● WHAT TO DO:
An exact copy of every entry is needed, with no images.

------------------------------------------------

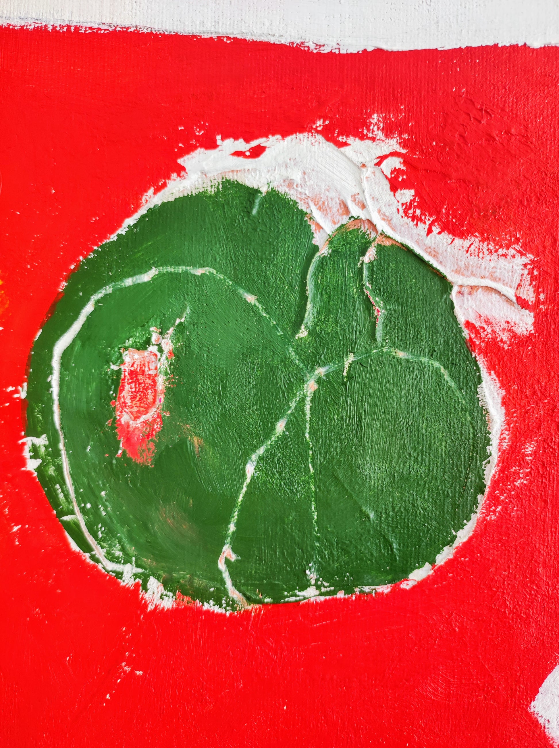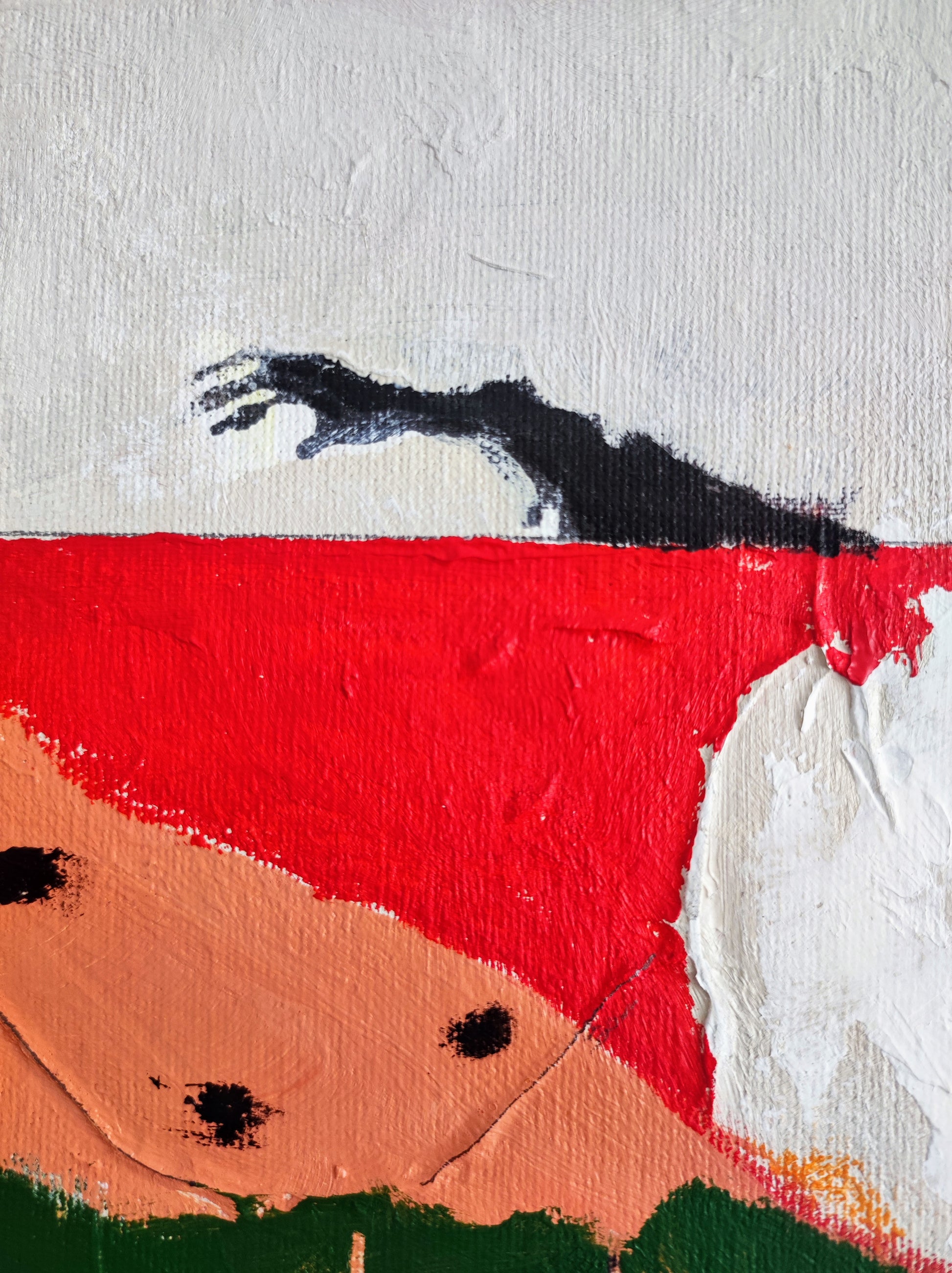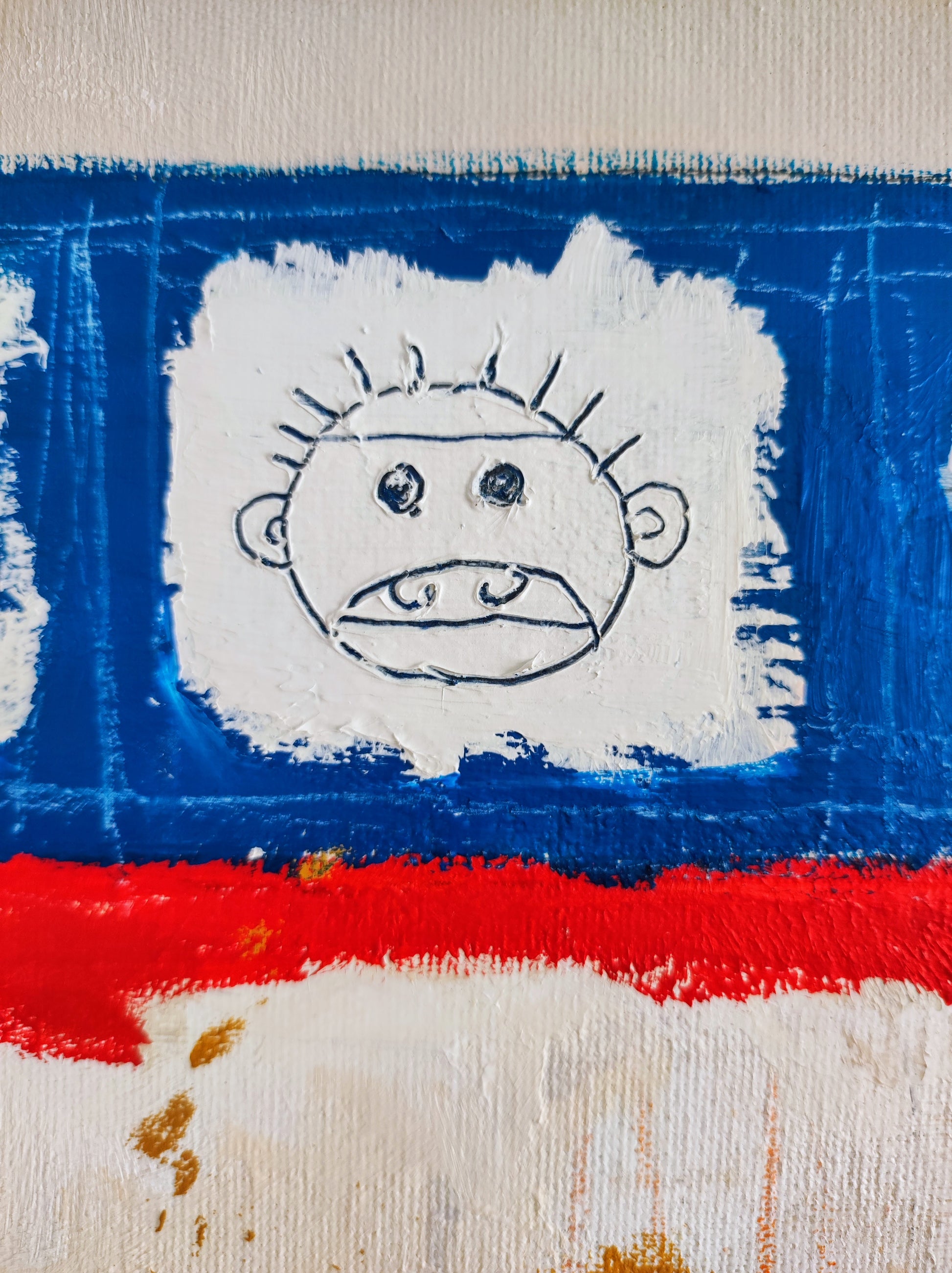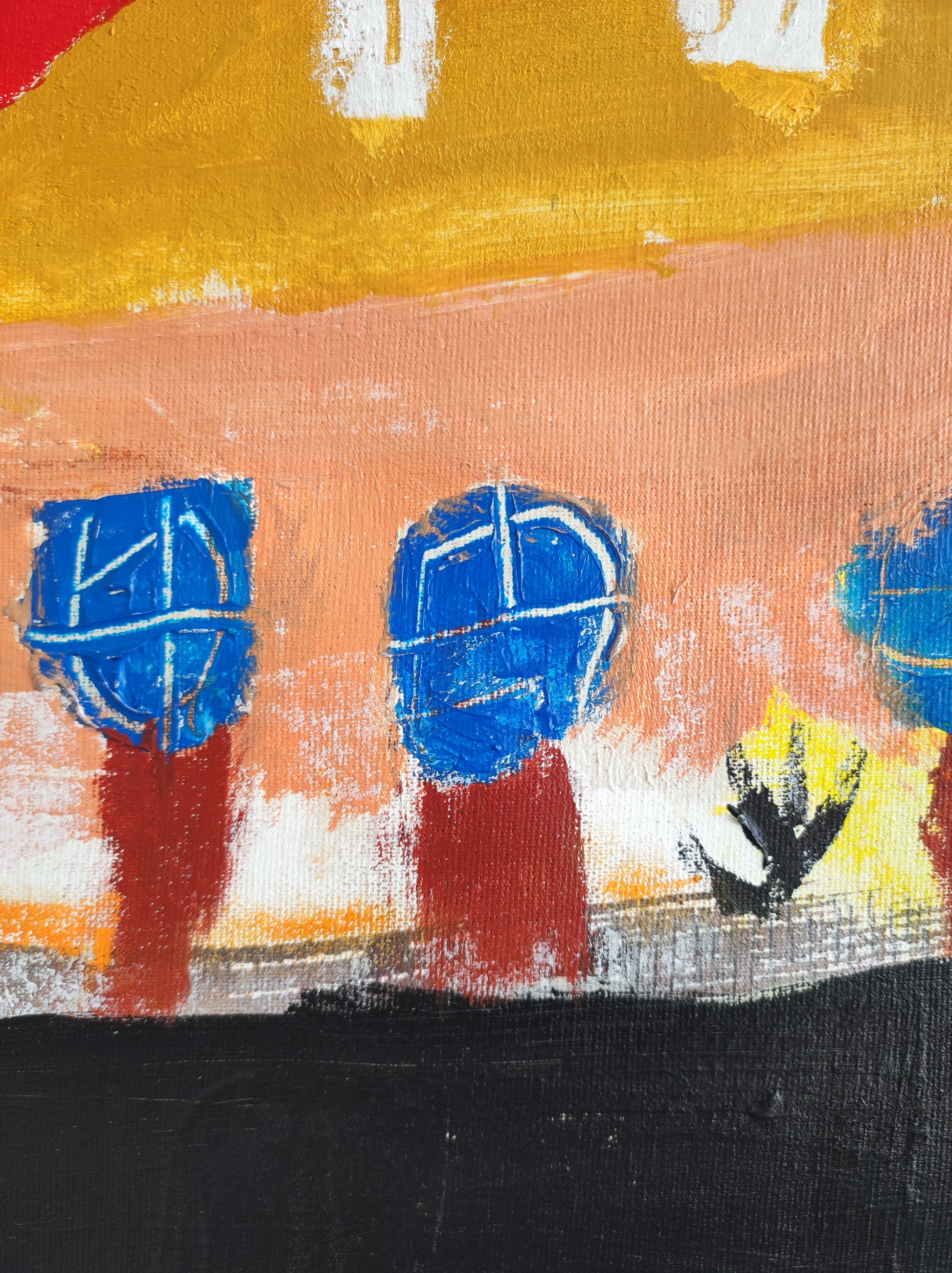 Cuadro trabajado desde la improvisación libre. Action painting con música de Vangelis (en las últimas fases del cuadro el tema Spiral sonaba en bucle).
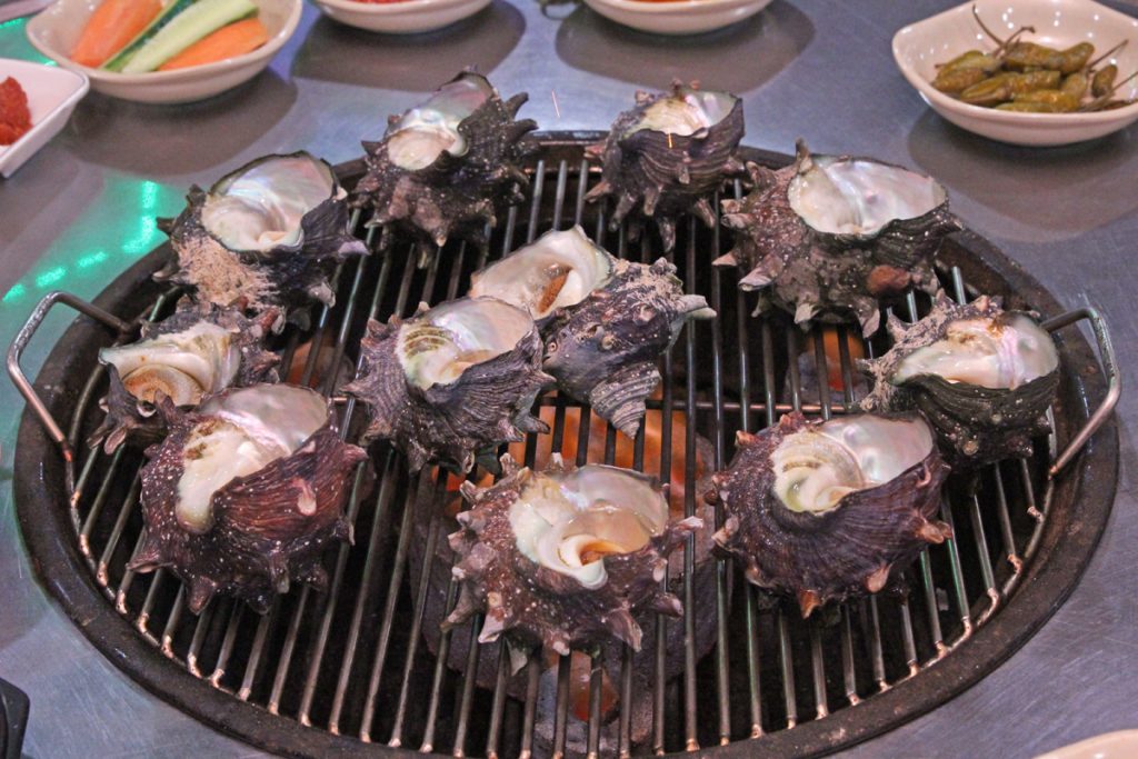 【韓国の旬メシ168】初夏から夏にかけて旬を迎えるサザエ(소라)の網焼き。サザエのツノは環境によってあったりなかったりですが、ツノのあるサザエをプルソラ(뿔소라)、ないサザエをチャムソラ(참소라)と呼び分けます。
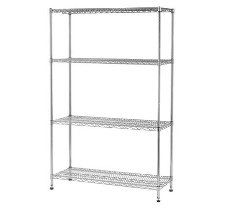 This commercial four-shelf steel wire shelving unit can easily organize any space or room. Assemble this chrome shelving unit without tools. . Perfect for homes, offices, garages, kitchens, restaurants, file rooms, and any other room you need to organise
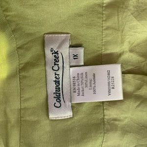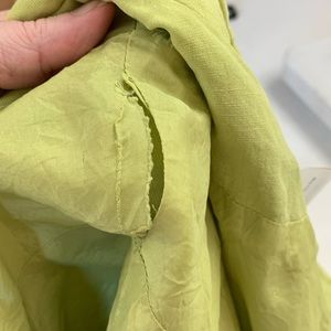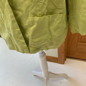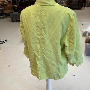 Coldwater creek blazer jacket front pockets 3/4 sleeve 70/30 silk linen blend poly lining sm rip in lining r shoulder area see pic 21-22 in pit pit size 1X bright green
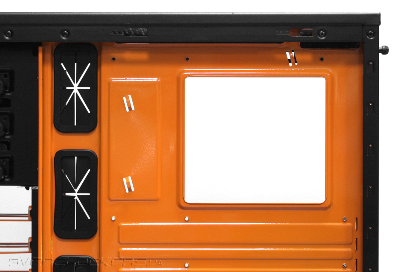Верхняя пластиковая панель также легко демонтируется, освобождая доступ к монтажу вентиляторов на верхнюю часть шасси.
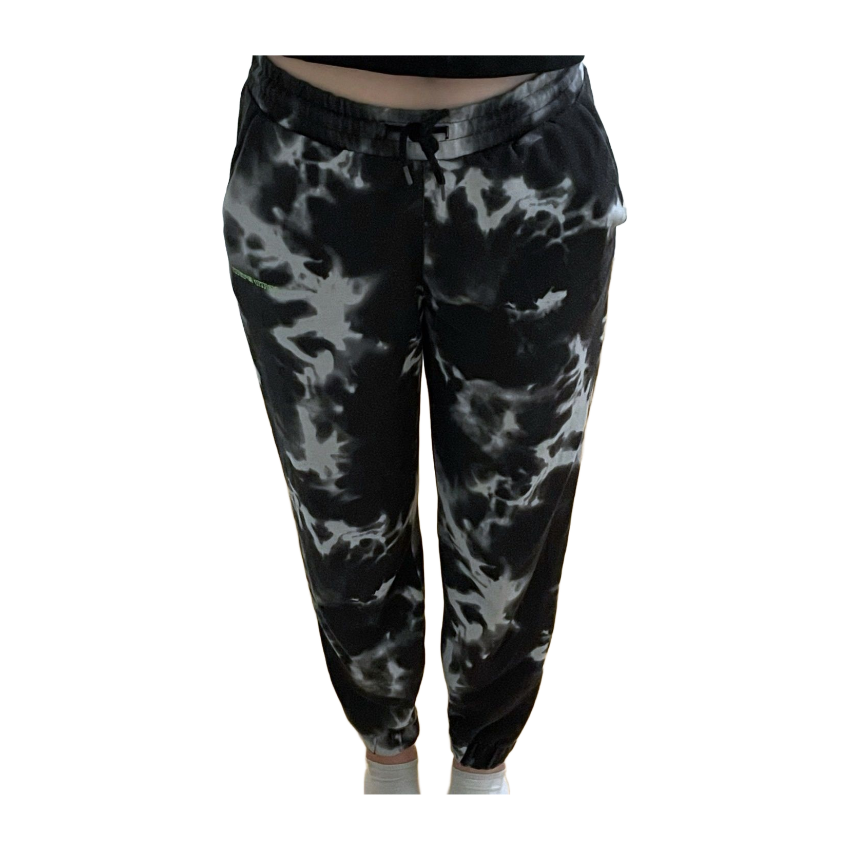 Stylish black and white sweatpants with a bold pattern. Elastic waistband with drawstring and ribbed cuffs at the ankles. Lightweight and comfortable fabric makes them perfect for everyday wear, workouts, or lounging at home. Size XS, but fits also size S thanks to the stretch. Excellent condition.
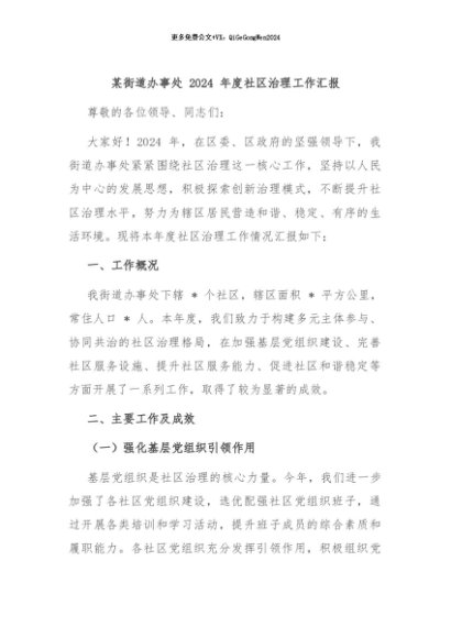 / 【七哥公文】2024年:某街道办事处 2024 年度社区治理工作汇报+更多免费公文+VX:QiGeGongWen2024
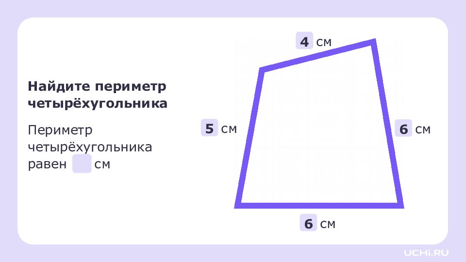 см см см см 5 4 6 6 Найдите периметр четырёхугольника Периметр четырёхугольника равен см
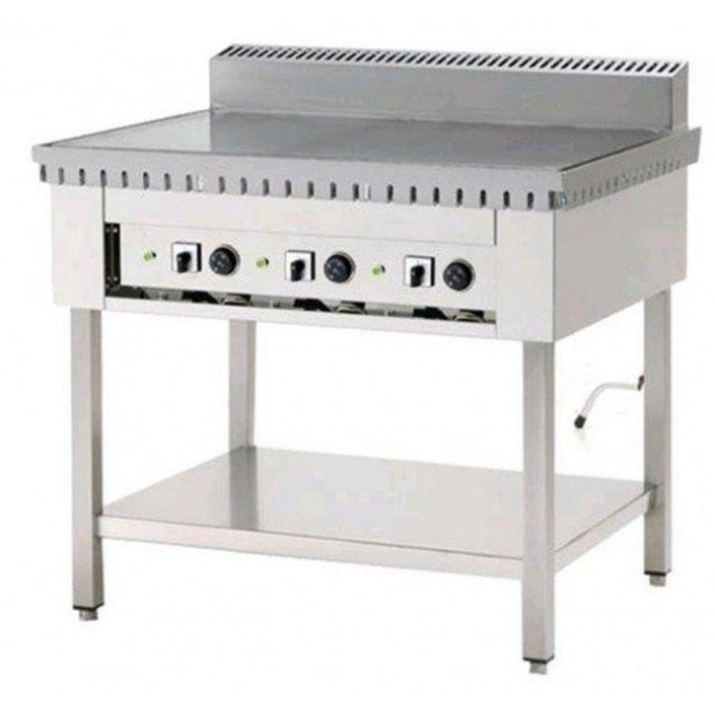 Piastra di cottura cromata satinata ad alto rendimento dovuto alle minori dispersioni per irragiamento, per la capacità di accumulare calore e per la sua semplicità nelle operazioni di pulizia.
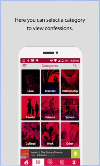 • You can choose a category that is best related to the kid of confession you are going to make, and simply type your confession, upload it, and you are done.
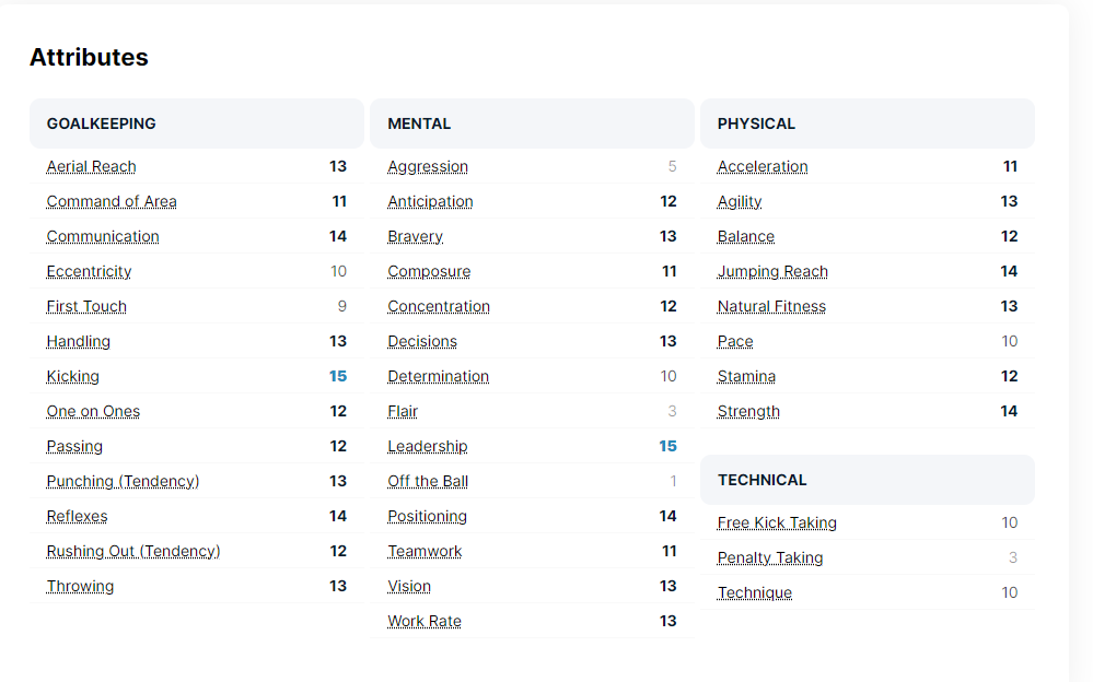 Στα καλύτερα του χαρακτηριστικά είναι η ικανότητα του να ηγηθεί αλλά και η επικοινωνία, ενώ αρκετά καλή βαθμολογία έχει και για το παιχνίδι που μπορεί να κάνει με τα πόδια.

------------------------------------------------

● RESULT OF THIS EXERCISE:
 Cuadro trabajado desde la improvisación libre. Action painting con música de Vangelis (en las últimas fases del cuadro el tema Spiral sonaba en bucle).
 【韓国の旬メシ168】初夏から夏にかけて旬を迎えるサザエ(소라)の網焼き。サザエのツノは環境によってあったりなかったりですが、ツノのあるサザエをプルソラ(뿔소라)、ないサザエをチャムソラ(참소라)と呼び分けます。
 This commercial four-shelf steel wire shelving unit can easily organize any space or room. Assemble this chrome shelving unit without tools. . Perfect for homes, offices, garages, kitchens, restaurants, file rooms, and any other room you need to organise
 Coldwater creek blazer jacket front pockets 3/4 sleeve 70/30 silk linen blend poly lining sm rip in lining r shoulder area see pic 21-22 in pit pit size 1X bright green
Верхняя пластиковая панель также легко демонтируется, освобождая доступ к монтажу вентиляторов на верхнюю часть шасси.
 Stylish black and white sweatpants with a bold pattern. Elastic waistband with drawstring and ribbed cuffs at the ankles. Lightweight and comfortable fabric makes them perfect for everyday wear, workouts, or lounging at home. Size XS, but fits also size S thanks to the stretch. Excellent condition.
 / 【七哥公文】2024年:某街道办事处 2024 年度社区治理工作汇报+更多免费公文+VX:QiGeGongWen2024
 см см см см 5 4 6 6 Найдите периметр четырёхугольника Периметр четырёхугольника равен см
 Piastra di cottura cromata satinata ad alto rendimento dovuto alle minori dispersioni per irragiamento, per la capacità di accumulare calore e per la sua semplicità nelle operazioni di pulizia.
 • You can choose a category that is best related to the kid of confession you are going to make, and simply type your confession, upload it, and you are done.
 Στα καλύτερα του χαρακτηριστικά είναι η ικανότητα του να ηγηθεί αλλά και η επικοινωνία, ενώ αρκετά καλή βαθμολογία έχει και για το παιχνίδι που μπορεί να κάνει με τα πόδια.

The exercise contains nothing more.